I've had to solve this system of two equations with two unknowns over the reals:
$$\begin{cases} x^3-x-y=0 \\ y^3-y-x=0 \end{cases} $$
The simple substitution $y=x^3-x$ works, of course. The solutions are: $(0,0)$, $(\sqrt{2},\sqrt{2})$, $(-\sqrt{2},-\sqrt{2})$. It seems rather interesting to me that all the solutions are pairs of equal numbers, and I've tried to figure that out in a different way.
Our system of equations has the form $$\begin{cases} f(x,y)=0 \\ f(y,x)=0 \end{cases} $$
Simply put, one equation is obtained from another by replacing $x$ with $y$ and vice versa. If we plot the graphs of the equations $f(x,y)=0$ and $f(y,x)=0$ on the same coordinate system, the obtained geometric figures will be reflections of one another in the line $y=x$. The reason is that $x$ and $y$ exchange their roles when we pass from one equation to another.
Thus, if our system of equations has solutions, they do have the form of pairs of equal numbers. Otherwise, the symmetry of the graphs would be violated.
My question is whether this approach is mathematically valid.
This is not logically sound — no, they don't have to be pairs of equal numbers. Yes, the symmetry of the graph implies the symmetry of solutions, as in symmetric relations: if $(x,y)$ is a solution, then $(y,x)$ also is a solution.

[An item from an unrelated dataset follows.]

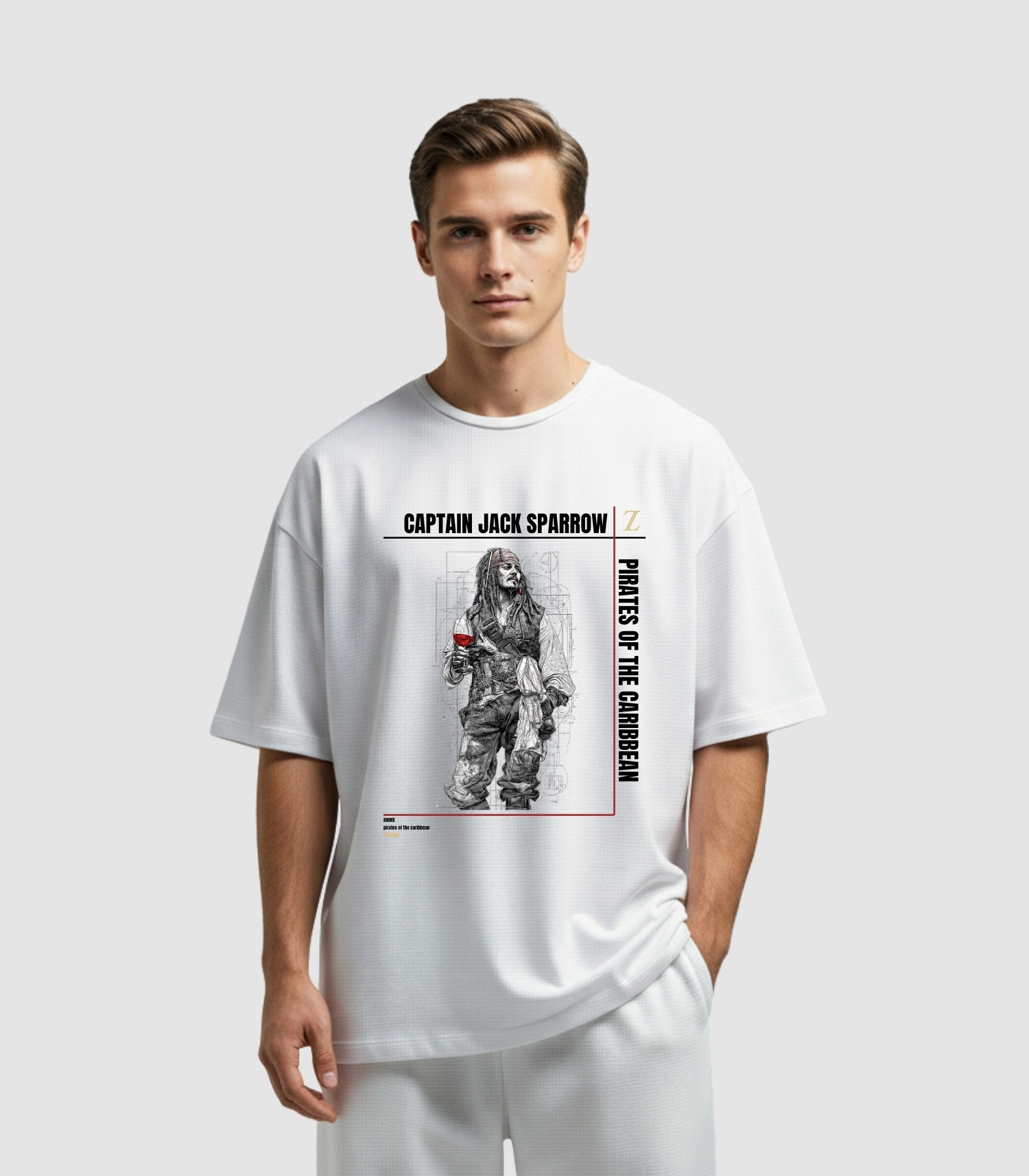 اوج هماهنگی در طراحی و کیفیت پارچه. یک کشتی، یک افق و طعمی از آزادی. طرحی برای افسانه‌ای‌ترین دزد دریایی کارائیب. برش دقیق از پنبه‌ی سنگین و اعلا، یک فیت مدرن و خوش‌فرم را تضمین می‌کند. کیفیتی ملموس که در هر نگاه و لمس، خود را نشان می‌دهد.
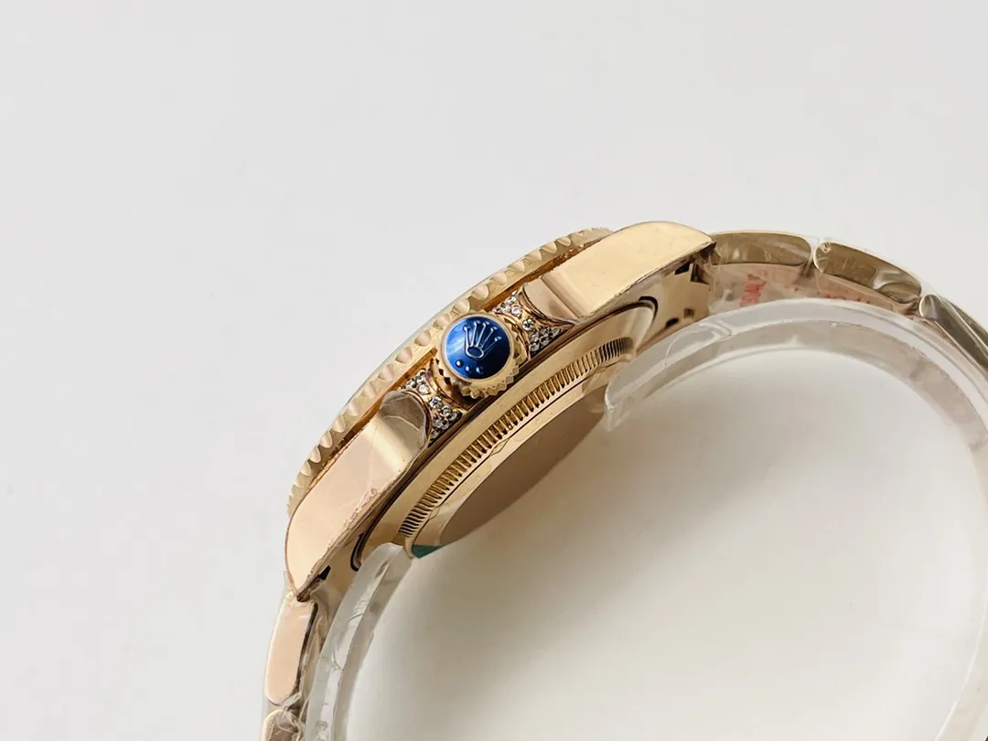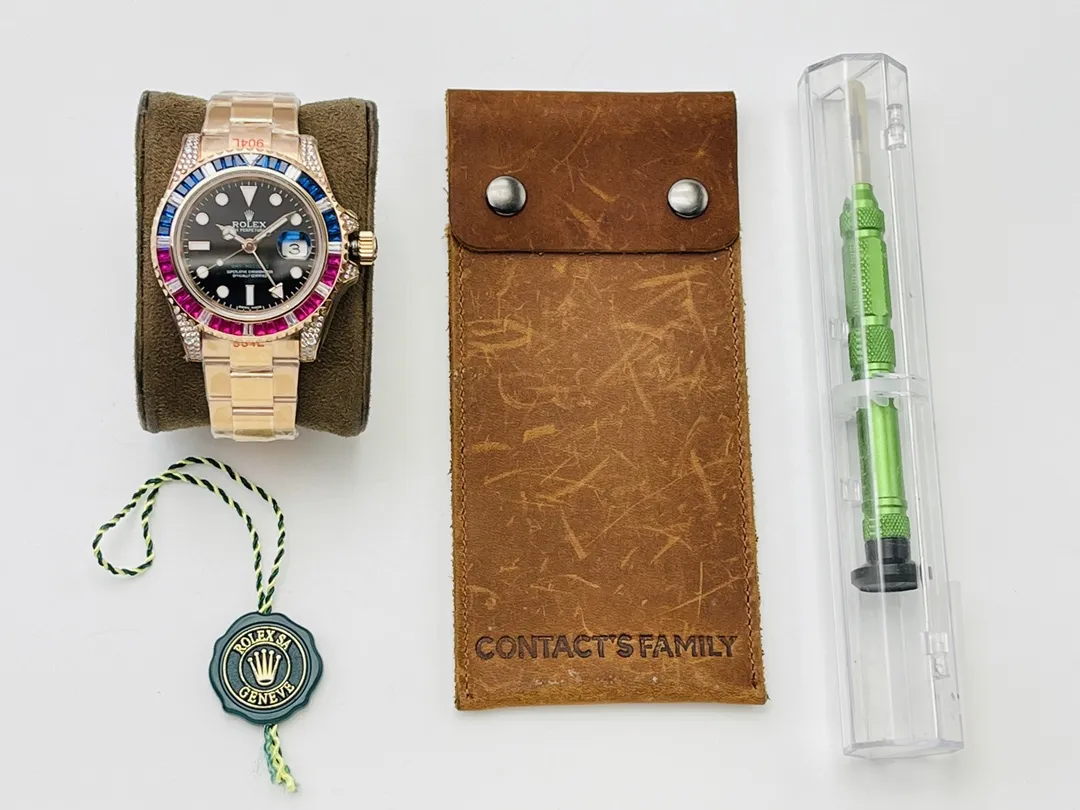 Experience luxury with the Rolex GMT II Custom Diamond Gold Watch, a 2022 masterpiece by VR Factory. This 40MM gold watch features a dazzling array of Austrian diamonds and gemstones, blending classic style with modern flair. For those seeking the finest timepieces, this watch is among the best Rolex clones available, standing out as an exceptional choice in the world of replica watches. Discover unmatched quality and elegance with this stunning piece that rivals even the finest luxury designs.

So the correct general conclusion is that solutions with nonequal numbers have to come in pairs.
Here's a quick nonsymmetric example: let $f(x,y)=x^2-1$. Then the system of equations is $$\left\{\begin{align} x^2-1&=0 \\ y^2-1&=0 \end{align}\right.$$ whose solutions are $(\pm1,\pm1)$, half of which have nonequal $x$ and $y$.